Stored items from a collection

<<<<

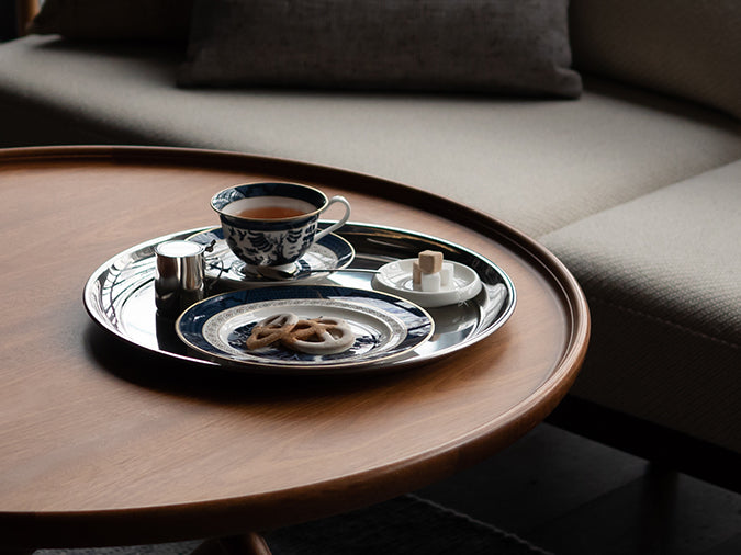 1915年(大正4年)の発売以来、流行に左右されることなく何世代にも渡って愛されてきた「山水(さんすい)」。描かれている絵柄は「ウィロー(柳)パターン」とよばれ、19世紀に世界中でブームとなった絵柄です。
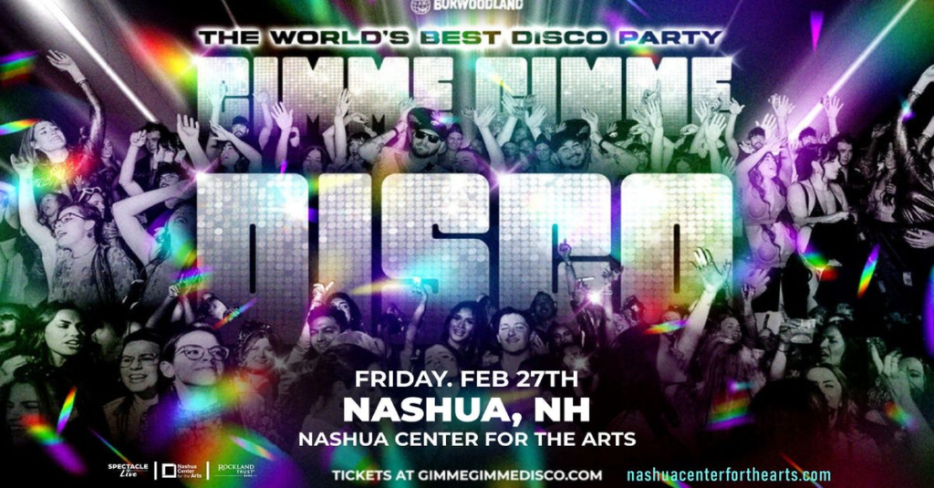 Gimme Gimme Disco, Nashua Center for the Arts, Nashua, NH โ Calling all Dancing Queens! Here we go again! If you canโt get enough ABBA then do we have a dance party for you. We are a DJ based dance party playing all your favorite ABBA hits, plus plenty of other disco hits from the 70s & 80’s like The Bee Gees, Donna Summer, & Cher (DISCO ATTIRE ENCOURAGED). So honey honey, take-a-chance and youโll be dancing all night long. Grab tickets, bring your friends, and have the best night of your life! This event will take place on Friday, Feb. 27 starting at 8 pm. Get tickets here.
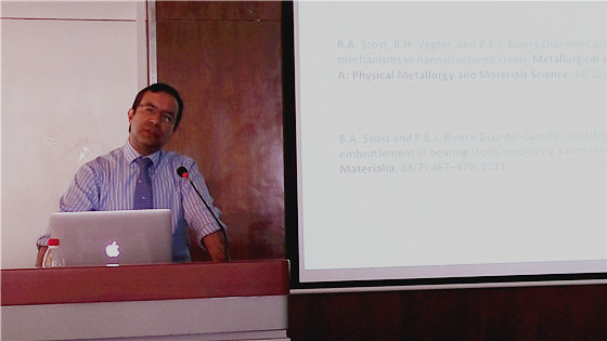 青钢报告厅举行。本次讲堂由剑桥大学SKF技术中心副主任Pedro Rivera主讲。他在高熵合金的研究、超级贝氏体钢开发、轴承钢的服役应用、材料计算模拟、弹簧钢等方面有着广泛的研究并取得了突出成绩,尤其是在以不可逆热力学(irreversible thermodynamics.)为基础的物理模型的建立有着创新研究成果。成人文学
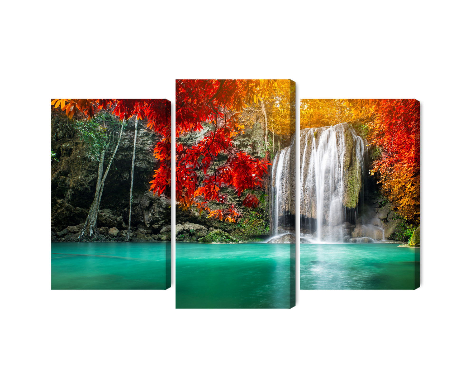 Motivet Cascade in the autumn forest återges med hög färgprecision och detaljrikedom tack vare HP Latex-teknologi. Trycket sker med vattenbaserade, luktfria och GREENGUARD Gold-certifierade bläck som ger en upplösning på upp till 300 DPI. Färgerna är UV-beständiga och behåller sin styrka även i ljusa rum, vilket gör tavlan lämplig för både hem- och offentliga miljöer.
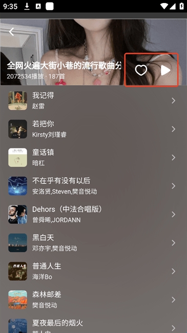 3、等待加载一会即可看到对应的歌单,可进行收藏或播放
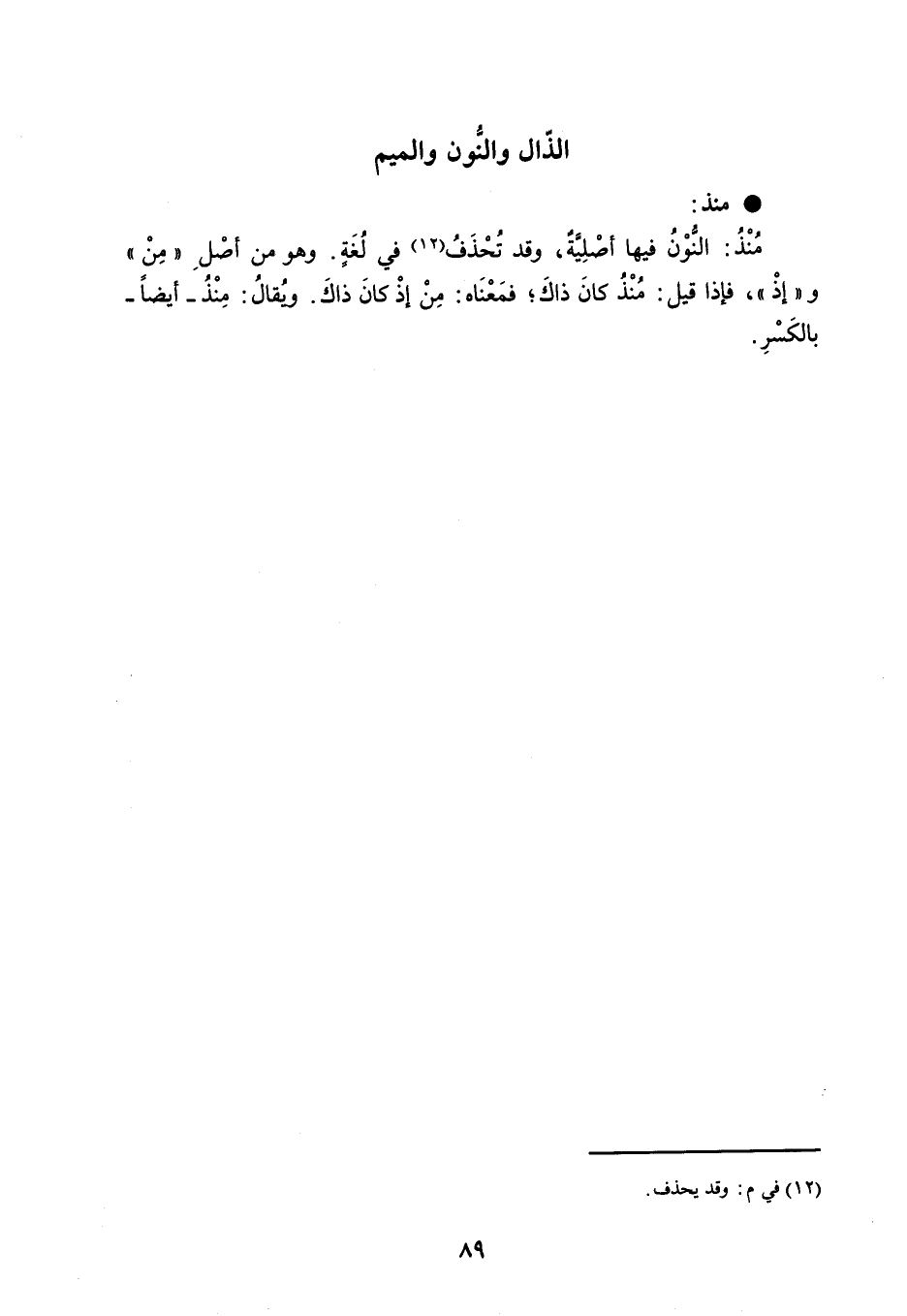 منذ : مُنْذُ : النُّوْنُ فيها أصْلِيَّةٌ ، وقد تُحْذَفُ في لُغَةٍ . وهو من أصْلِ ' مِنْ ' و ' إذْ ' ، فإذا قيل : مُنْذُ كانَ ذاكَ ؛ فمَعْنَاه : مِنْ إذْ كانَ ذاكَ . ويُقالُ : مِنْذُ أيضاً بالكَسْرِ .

>>>>

## Directions for this task
Exclude images. Return the data above verbatim.

## Response to this exercise
 1915年(大正4年)の発売以来、流行に左右されることなく何世代にも渡って愛されてきた「山水(さんすい)」。描かれている絵柄は「ウィロー(柳)パターン」とよばれ、19世紀に世界中でブームとなった絵柄です。
 Gimme Gimme Disco, Nashua Center for the Arts, Nashua, NH โ Calling all Dancing Queens! Here we go again! If you canโt get enough ABBA then do we have a dance party for you. We are a DJ based dance party playing all your favorite ABBA hits, plus plenty of other disco hits from the 70s & 80’s like The Bee Gees, Donna Summer, & Cher (DISCO ATTIRE ENCOURAGED). So honey honey, take-a-chance and youโll be dancing all night long. Grab tickets, bring your friends, and have the best night of your life! This event will take place on Friday, Feb. 27 starting at 8 pm. Get tickets here.
 青钢报告厅举行。本次讲堂由剑桥大学SKF技术中心副主任Pedro Rivera主讲。他在高熵合金的研究、超级贝氏体钢开发、轴承钢的服役应用、材料计算模拟、弹簧钢等方面有着广泛的研究并取得了突出成绩,尤其是在以不可逆热力学(irreversible thermodynamics.)为基础的物理模型的建立有着创新研究成果。成人文学
 Motivet Cascade in the autumn forest återges med hög färgprecision och detaljrikedom tack vare HP Latex-teknologi. Trycket sker med vattenbaserade, luktfria och GREENGUARD Gold-certifierade bläck som ger en upplösning på upp till 300 DPI. Färgerna är UV-beständiga och behåller sin styrka även i ljusa rum, vilket gör tavlan lämplig för både hem- och offentliga miljöer.
 3、等待加载一会即可看到对应的歌单,可进行收藏或播放
 منذ : مُنْذُ : النُّوْنُ فيها أصْلِيَّةٌ ، وقد تُحْذَفُ في لُغَةٍ . وهو من أصْلِ ' مِنْ ' و ' إذْ ' ، فإذا قيل : مُنْذُ كانَ ذاكَ ؛ فمَعْنَاه : مِنْ إذْ كانَ ذاكَ . ويُقالُ : مِنْذُ أيضاً بالكَسْرِ .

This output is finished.